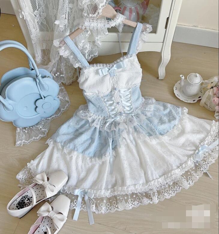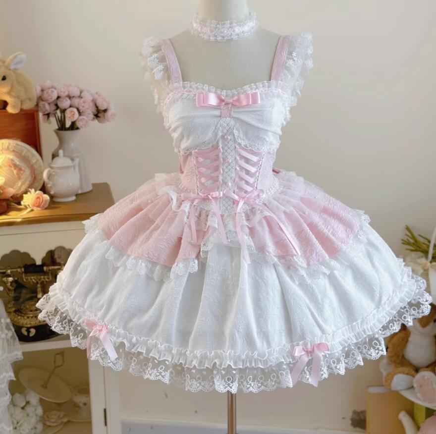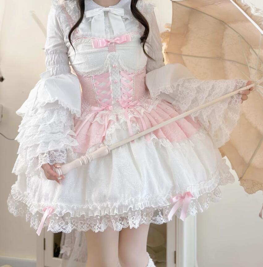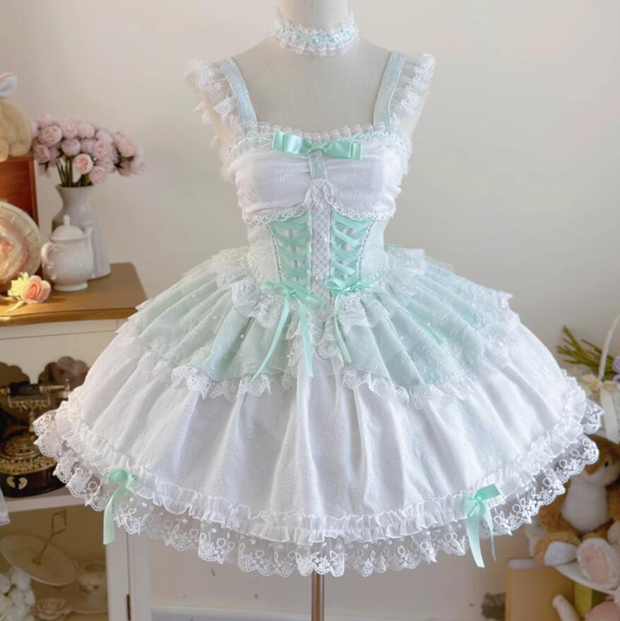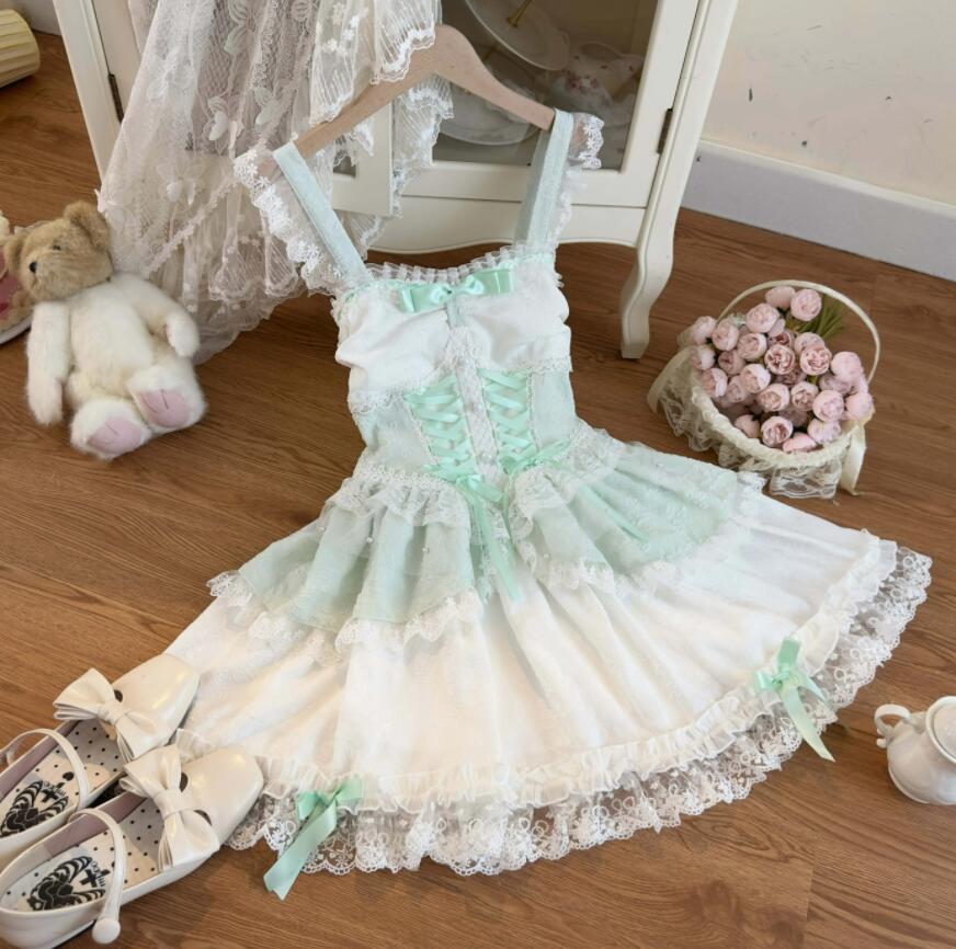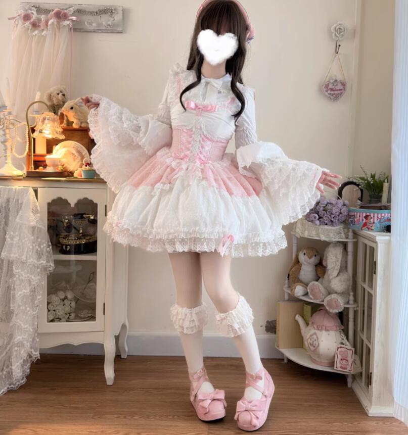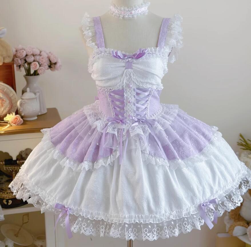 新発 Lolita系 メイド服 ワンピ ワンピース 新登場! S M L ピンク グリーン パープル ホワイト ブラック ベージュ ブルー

++++

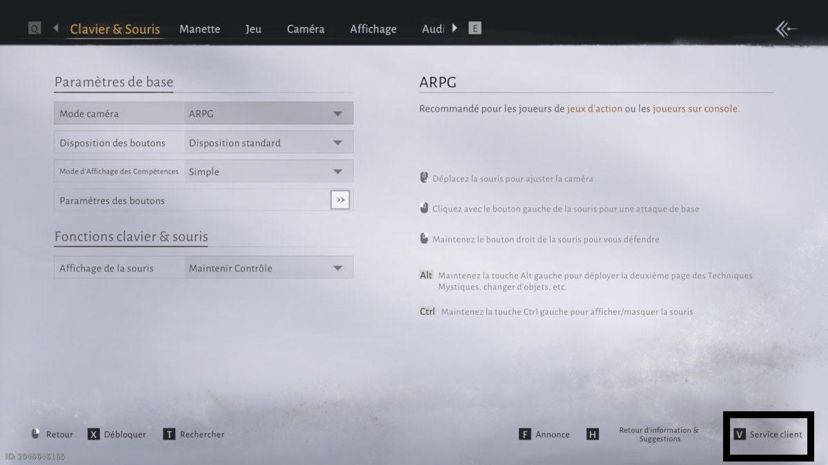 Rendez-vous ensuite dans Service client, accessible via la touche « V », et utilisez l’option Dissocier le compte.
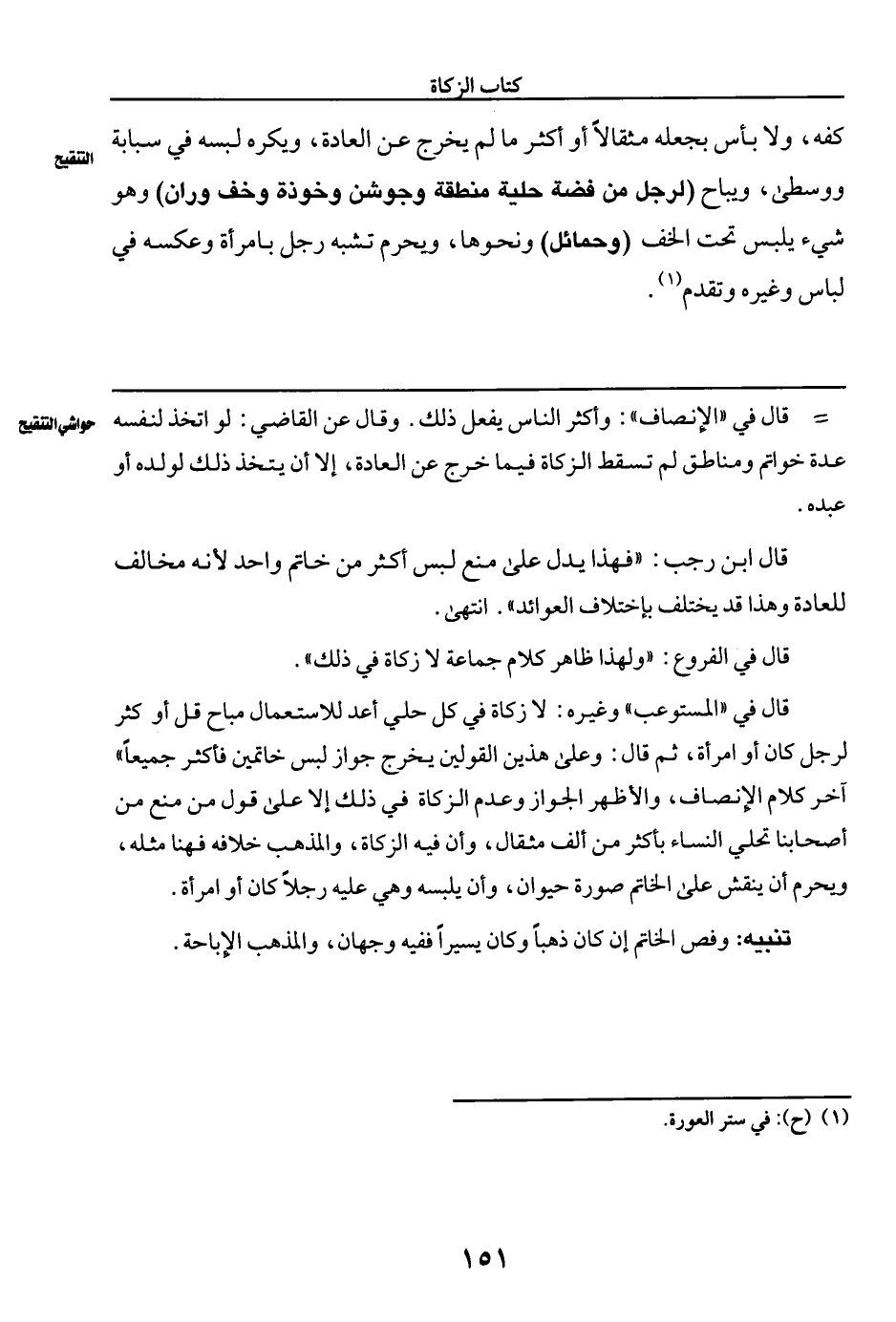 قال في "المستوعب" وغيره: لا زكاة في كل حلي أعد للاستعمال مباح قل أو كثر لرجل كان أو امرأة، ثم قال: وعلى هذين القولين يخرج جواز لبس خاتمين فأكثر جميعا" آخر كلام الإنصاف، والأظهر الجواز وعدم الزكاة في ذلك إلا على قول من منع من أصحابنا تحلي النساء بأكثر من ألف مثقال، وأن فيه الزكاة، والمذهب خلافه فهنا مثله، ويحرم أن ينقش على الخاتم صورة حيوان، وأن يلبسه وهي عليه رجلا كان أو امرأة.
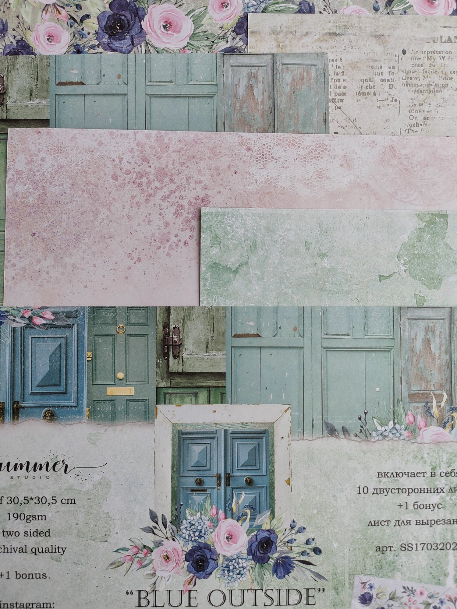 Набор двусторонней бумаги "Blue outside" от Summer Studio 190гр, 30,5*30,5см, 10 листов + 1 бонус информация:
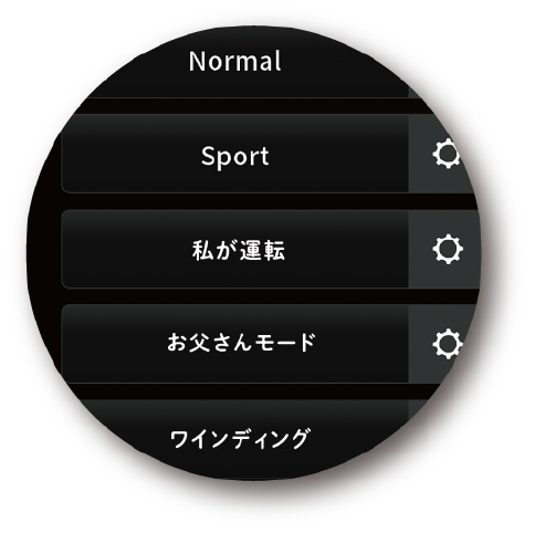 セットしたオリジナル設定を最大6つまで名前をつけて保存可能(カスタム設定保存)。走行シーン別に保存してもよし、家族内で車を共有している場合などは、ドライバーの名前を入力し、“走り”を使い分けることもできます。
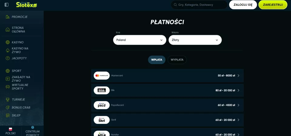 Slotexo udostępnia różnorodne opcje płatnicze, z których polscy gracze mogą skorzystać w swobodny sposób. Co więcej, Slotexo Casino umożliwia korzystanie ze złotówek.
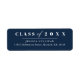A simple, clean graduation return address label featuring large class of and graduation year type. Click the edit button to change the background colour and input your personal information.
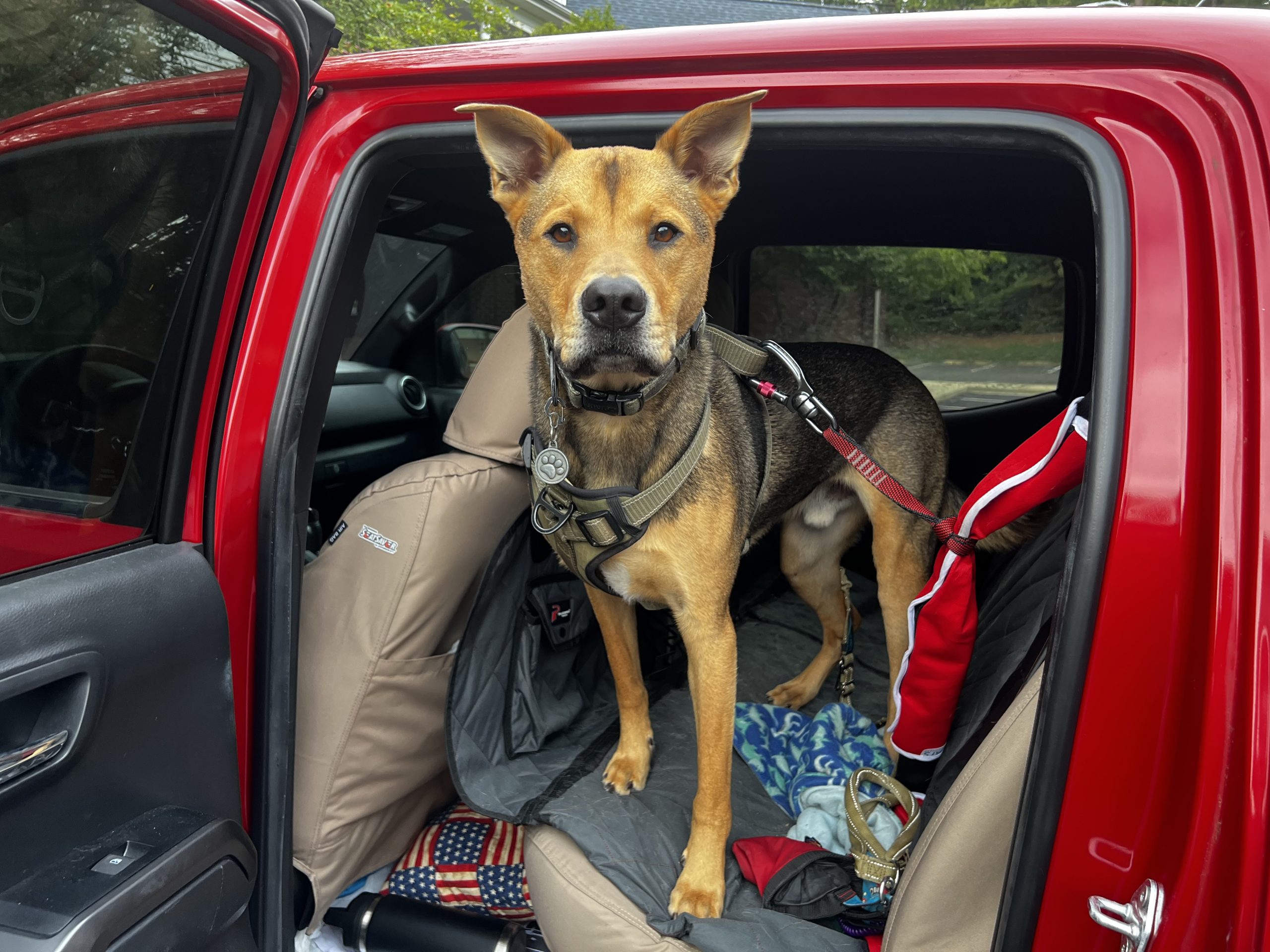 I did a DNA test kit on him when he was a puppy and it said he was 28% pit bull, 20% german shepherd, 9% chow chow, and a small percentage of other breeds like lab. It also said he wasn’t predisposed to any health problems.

++++

→ **What is required**: From the records above, write out exactly the lines that begin at the line with "Rendez-vous ensuite dans" and end at the line with "I did a DNA". Pictures must not appear in the output.

→ **Response**:
 Rendez-vous ensuite dans Service client, accessible via la touche « V », et utilisez l’option Dissocier le compte.
 قال في "المستوعب" وغيره: لا زكاة في كل حلي أعد للاستعمال مباح قل أو كثر لرجل كان أو امرأة، ثم قال: وعلى هذين القولين يخرج جواز لبس خاتمين فأكثر جميعا" آخر كلام الإنصاف، والأظهر الجواز وعدم الزكاة في ذلك إلا على قول من منع من أصحابنا تحلي النساء بأكثر من ألف مثقال، وأن فيه الزكاة، والمذهب خلافه فهنا مثله، ويحرم أن ينقش على الخاتم صورة حيوان، وأن يلبسه وهي عليه رجلا كان أو امرأة.
 Набор двусторонней бумаги "Blue outside" от Summer Studio 190гр, 30,5*30,5см, 10 листов + 1 бонус информация:
 セットしたオリジナル設定を最大6つまで名前をつけて保存可能(カスタム設定保存)。走行シーン別に保存してもよし、家族内で車を共有している場合などは、ドライバーの名前を入力し、“走り”を使い分けることもできます。
 Slotexo udostępnia różnorodne opcje płatnicze, z których polscy gracze mogą skorzystać w swobodny sposób. Co więcej, Slotexo Casino umożliwia korzystanie ze złotówek.
A simple, clean graduation return address label featuring large class of and graduation year type. Click the edit button to change the background colour and input your personal information.
 I did a DNA test kit on him when he was a puppy and it said he was 28% pit bull, 20% german shepherd, 9% chow chow, and a small percentage of other breeds like lab. It also said he wasn’t predisposed to any health problems.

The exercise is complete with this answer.